Your task: Ignoring every picture, return the lines of the listing below word for word, from the line that holds "AIが写真をもとに作ってくれ" through the line that holds "丝光棉高领加厚条纹加绒打底衫 2020年新款秋冬洋气长袖毛衣 1200件左右,50起15.8💰".

Records supplied:
== Segment start ==
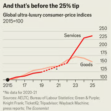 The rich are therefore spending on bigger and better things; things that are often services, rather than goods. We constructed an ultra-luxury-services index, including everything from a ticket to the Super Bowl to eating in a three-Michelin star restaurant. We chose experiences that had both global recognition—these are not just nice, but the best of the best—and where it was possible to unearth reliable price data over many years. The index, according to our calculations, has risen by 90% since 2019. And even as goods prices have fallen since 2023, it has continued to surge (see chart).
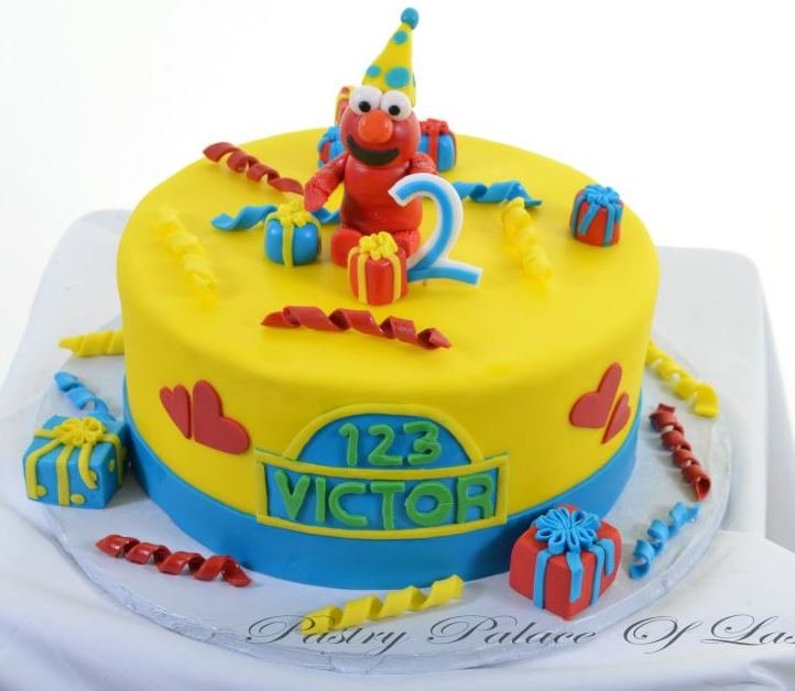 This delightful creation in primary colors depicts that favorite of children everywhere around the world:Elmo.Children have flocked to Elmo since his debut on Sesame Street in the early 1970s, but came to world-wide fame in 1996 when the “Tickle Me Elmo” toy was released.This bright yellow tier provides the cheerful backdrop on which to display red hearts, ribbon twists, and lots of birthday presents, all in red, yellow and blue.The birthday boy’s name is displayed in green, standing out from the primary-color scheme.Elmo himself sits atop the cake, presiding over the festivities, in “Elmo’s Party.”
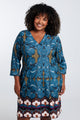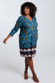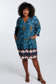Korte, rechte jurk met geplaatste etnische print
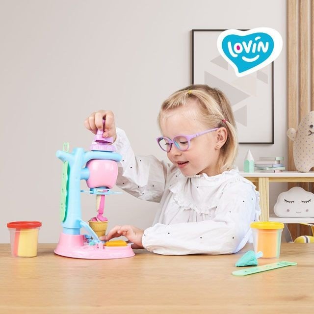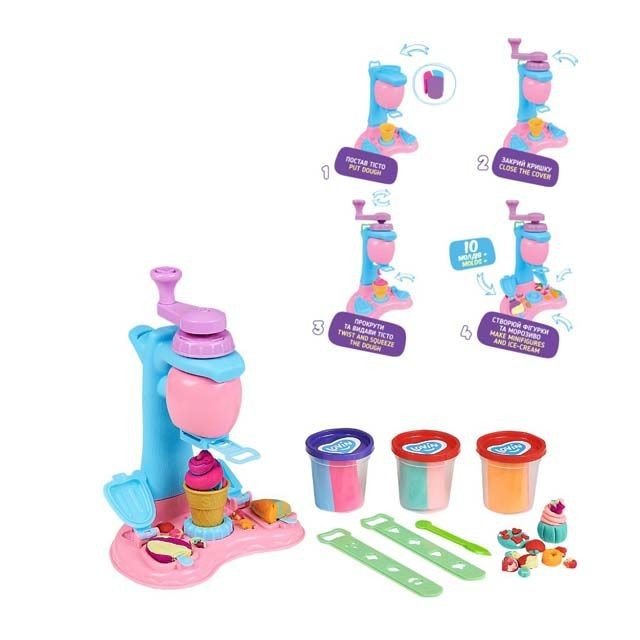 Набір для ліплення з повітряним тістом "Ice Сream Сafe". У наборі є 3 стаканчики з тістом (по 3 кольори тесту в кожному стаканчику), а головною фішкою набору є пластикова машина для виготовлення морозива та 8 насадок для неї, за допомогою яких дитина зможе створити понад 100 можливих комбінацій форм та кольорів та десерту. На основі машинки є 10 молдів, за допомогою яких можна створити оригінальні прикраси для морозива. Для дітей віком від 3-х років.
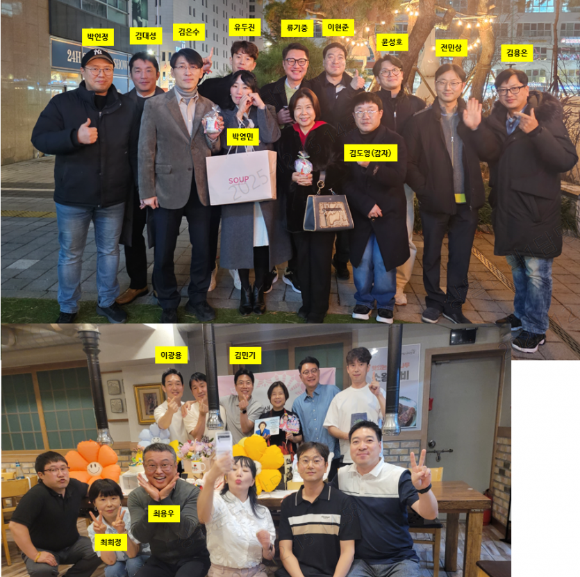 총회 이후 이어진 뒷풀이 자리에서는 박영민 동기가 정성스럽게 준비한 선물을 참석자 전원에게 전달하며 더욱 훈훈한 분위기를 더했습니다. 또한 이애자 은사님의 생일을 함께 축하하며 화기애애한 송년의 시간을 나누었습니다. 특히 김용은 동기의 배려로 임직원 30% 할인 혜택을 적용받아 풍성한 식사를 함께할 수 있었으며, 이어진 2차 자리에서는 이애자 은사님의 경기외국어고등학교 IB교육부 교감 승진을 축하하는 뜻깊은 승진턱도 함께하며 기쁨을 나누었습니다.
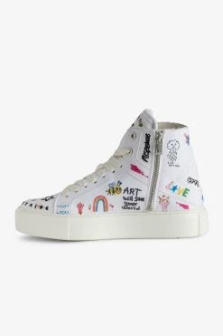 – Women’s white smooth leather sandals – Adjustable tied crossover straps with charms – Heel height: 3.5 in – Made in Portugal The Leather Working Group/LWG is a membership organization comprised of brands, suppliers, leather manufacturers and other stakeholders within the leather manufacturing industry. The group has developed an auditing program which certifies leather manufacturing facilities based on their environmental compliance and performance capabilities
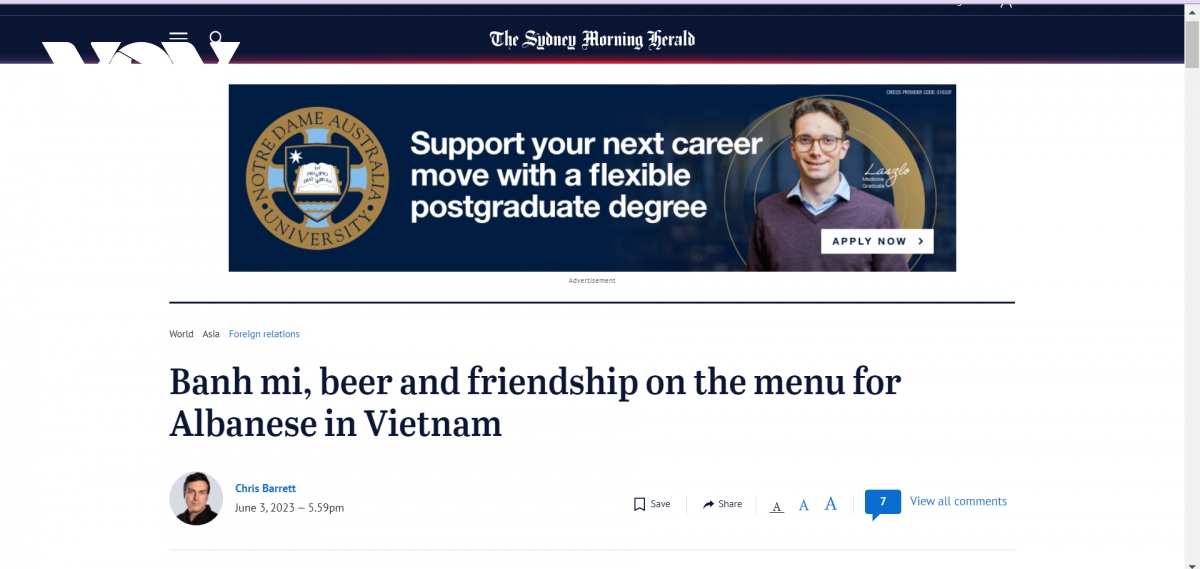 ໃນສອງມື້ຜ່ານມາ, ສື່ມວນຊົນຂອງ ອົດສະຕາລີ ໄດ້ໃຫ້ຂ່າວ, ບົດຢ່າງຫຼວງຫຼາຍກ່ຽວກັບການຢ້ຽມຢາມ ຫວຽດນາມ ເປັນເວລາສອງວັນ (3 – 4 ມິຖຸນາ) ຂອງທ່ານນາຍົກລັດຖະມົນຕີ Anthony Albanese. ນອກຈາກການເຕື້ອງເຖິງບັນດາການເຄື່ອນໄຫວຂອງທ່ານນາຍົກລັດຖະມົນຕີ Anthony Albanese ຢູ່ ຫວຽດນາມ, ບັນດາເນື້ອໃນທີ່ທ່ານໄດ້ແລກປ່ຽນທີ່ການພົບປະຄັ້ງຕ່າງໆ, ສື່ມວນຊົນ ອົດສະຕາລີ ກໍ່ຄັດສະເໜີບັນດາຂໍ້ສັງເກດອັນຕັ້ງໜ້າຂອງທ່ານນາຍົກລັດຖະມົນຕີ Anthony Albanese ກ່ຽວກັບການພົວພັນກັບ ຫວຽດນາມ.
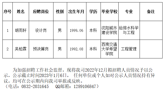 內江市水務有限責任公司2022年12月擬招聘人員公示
== Segment end ==
== Segment start ==
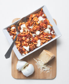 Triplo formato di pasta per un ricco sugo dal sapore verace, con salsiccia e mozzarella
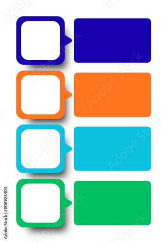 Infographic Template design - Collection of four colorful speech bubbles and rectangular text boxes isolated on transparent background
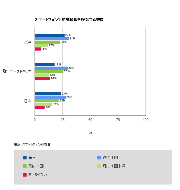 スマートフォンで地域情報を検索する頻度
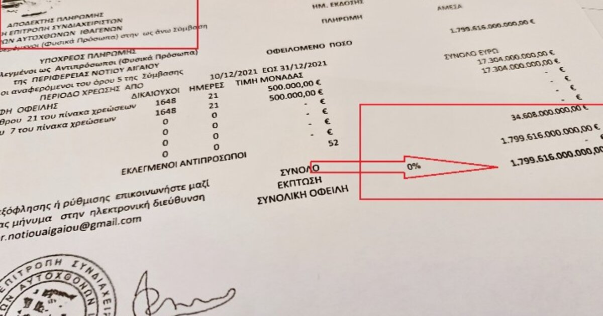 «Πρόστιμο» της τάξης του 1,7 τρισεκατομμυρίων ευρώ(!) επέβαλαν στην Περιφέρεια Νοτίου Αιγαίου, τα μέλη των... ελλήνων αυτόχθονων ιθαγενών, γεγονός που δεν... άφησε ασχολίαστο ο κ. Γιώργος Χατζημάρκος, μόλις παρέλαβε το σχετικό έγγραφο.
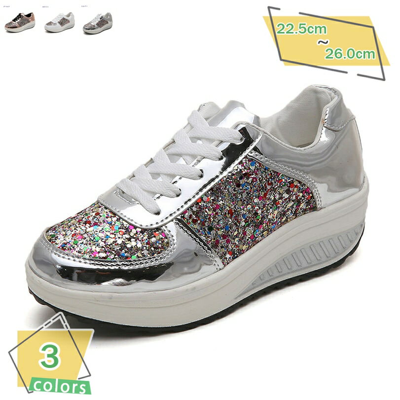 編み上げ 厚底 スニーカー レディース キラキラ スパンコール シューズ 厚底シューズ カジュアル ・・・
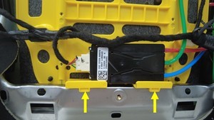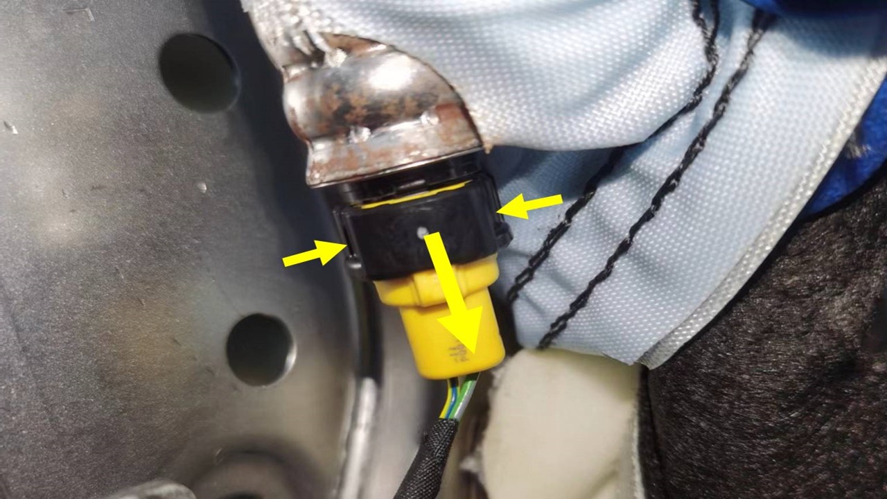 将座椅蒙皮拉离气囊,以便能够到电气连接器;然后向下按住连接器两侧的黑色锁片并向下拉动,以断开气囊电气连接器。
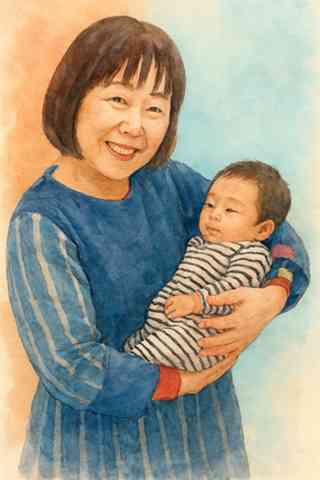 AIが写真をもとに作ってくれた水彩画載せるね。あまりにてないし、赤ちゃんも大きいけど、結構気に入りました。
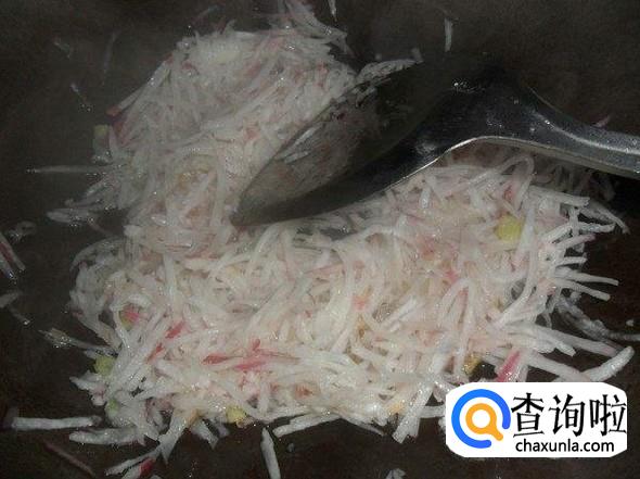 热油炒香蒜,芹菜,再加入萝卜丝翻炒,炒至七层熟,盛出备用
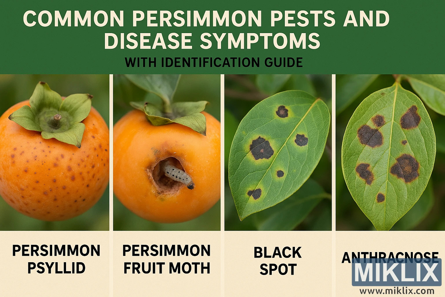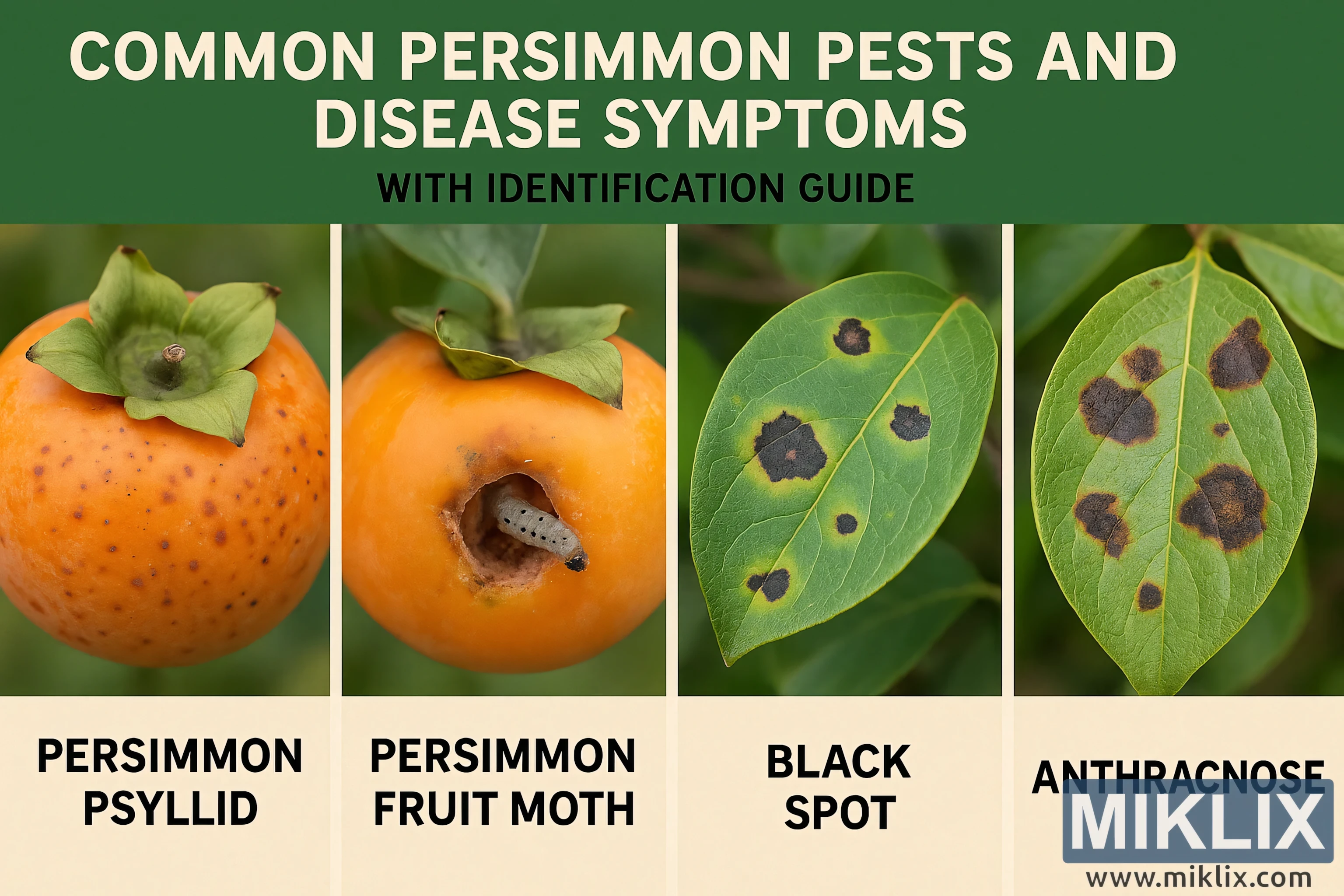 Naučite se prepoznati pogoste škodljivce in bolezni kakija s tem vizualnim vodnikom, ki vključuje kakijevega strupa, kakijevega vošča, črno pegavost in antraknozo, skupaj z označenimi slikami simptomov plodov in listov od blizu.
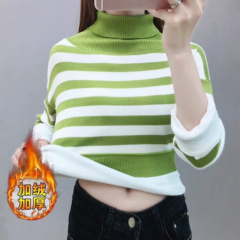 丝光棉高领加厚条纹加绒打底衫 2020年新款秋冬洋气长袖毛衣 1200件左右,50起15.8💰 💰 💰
== Segment end ==
== Segment start ==
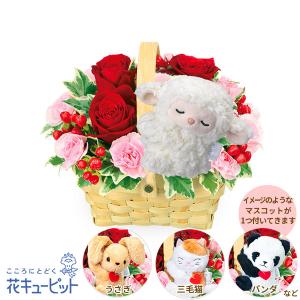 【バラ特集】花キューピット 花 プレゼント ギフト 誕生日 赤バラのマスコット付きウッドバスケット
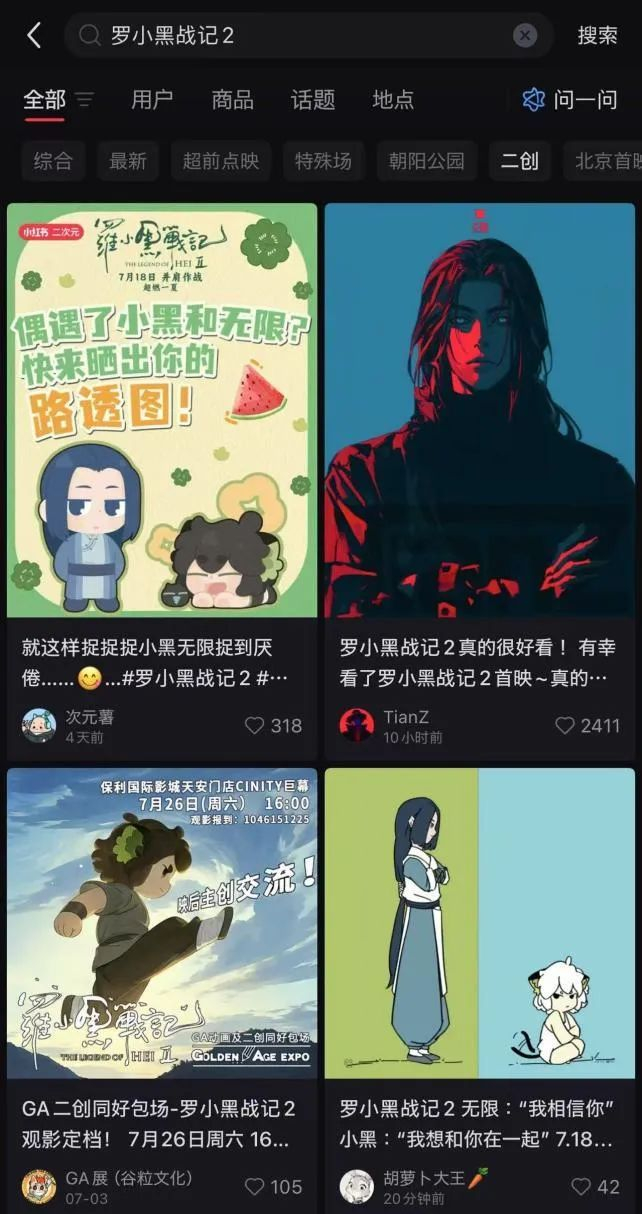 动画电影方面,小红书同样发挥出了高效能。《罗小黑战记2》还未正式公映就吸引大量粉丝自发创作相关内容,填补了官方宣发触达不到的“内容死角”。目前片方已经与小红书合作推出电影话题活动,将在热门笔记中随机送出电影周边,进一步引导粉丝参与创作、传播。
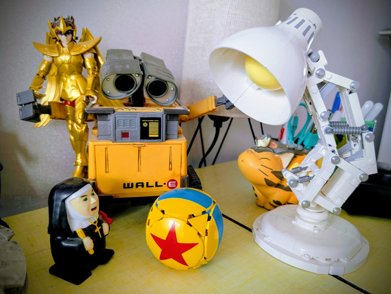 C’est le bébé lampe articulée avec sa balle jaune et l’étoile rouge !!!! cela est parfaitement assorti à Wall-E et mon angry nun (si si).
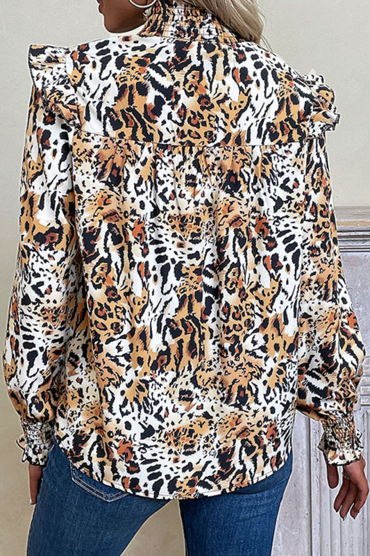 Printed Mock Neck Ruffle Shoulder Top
== Segment end ==
Solution below:
 AIが写真をもとに作ってくれた水彩画載せるね。あまりにてないし、赤ちゃんも大きいけど、結構気に入りました。
 热油炒香蒜,芹菜,再加入萝卜丝翻炒,炒至七层熟,盛出备用
 Naučite se prepoznati pogoste škodljivce in bolezni kakija s tem vizualnim vodnikom, ki vključuje kakijevega strupa, kakijevega vošča, črno pegavost in antraknozo, skupaj z označenimi slikami simptomov plodov in listov od blizu.
 丝光棉高领加厚条纹加绒打底衫 2020年新款秋冬洋气长袖毛衣 1200件左右,50起15.8💰 💰 💰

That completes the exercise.